RECORD EXCERPTS.
________________

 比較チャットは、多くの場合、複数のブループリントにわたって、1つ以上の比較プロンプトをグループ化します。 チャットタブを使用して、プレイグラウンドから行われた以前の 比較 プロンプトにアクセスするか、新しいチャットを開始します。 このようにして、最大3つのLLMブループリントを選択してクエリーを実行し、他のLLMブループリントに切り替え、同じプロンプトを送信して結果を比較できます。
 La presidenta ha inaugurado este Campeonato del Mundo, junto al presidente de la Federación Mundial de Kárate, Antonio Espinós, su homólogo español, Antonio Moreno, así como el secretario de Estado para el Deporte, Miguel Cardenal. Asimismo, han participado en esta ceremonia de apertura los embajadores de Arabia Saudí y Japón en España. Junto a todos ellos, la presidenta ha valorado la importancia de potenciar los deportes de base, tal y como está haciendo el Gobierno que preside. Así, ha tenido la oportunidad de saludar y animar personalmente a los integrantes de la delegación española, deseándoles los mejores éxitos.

________________

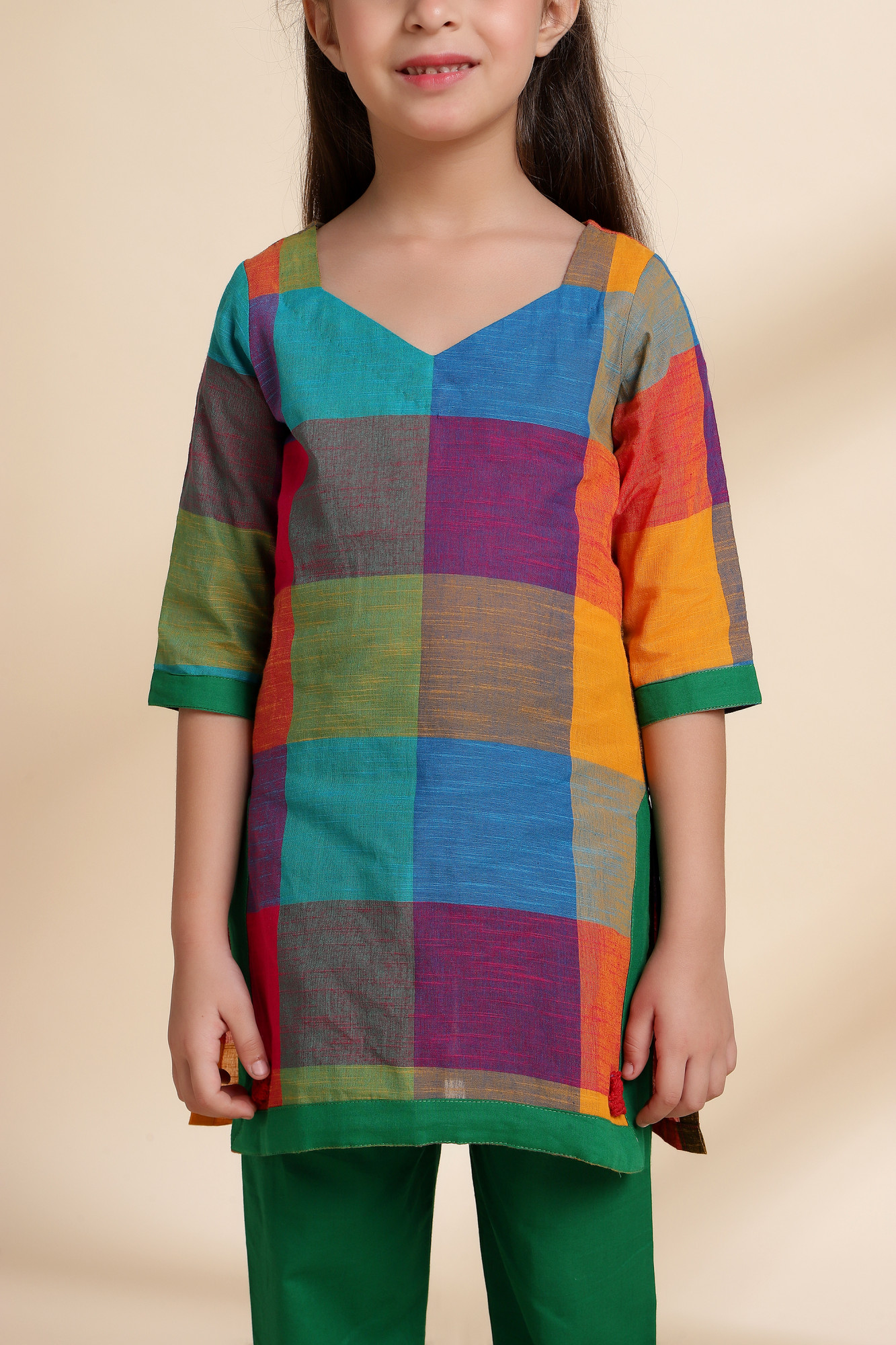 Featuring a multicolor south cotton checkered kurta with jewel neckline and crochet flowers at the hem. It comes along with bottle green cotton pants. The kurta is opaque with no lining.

________________

WORK INSTRUCTION.
Among the entries above, find the line with "チャットタブを使用して、プレイグラウンドから行われた以前の 比較 プロンプトにアクセスするか、新しいチャットを開始します。" and the line with "La presidenta ha inaugurado"; give again exactly these two lines and all lines between them.

TASK RESPONSE.
 比較チャットは、多くの場合、複数のブループリントにわたって、1つ以上の比較プロンプトをグループ化します。 チャットタブを使用して、プレイグラウンドから行われた以前の 比較 プロンプトにアクセスするか、新しいチャットを開始します。 このようにして、最大3つのLLMブループリントを選択してクエリーを実行し、他のLLMブループリントに切り替え、同じプロンプトを送信して結果を比較できます。
 La presidenta ha inaugurado este Campeonato del Mundo, junto al presidente de la Federación Mundial de Kárate, Antonio Espinós, su homólogo español, Antonio Moreno, así como el secretario de Estado para el Deporte, Miguel Cardenal. Asimismo, han participado en esta ceremonia de apertura los embajadores de Arabia Saudí y Japón en España. Junto a todos ellos, la presidenta ha valorado la importancia de potenciar los deportes de base, tal y como está haciendo el Gobierno que preside. Así, ha tenido la oportunidad de saludar y animar personalmente a los integrantes de la delegación española, deseándoles los mejores éxitos.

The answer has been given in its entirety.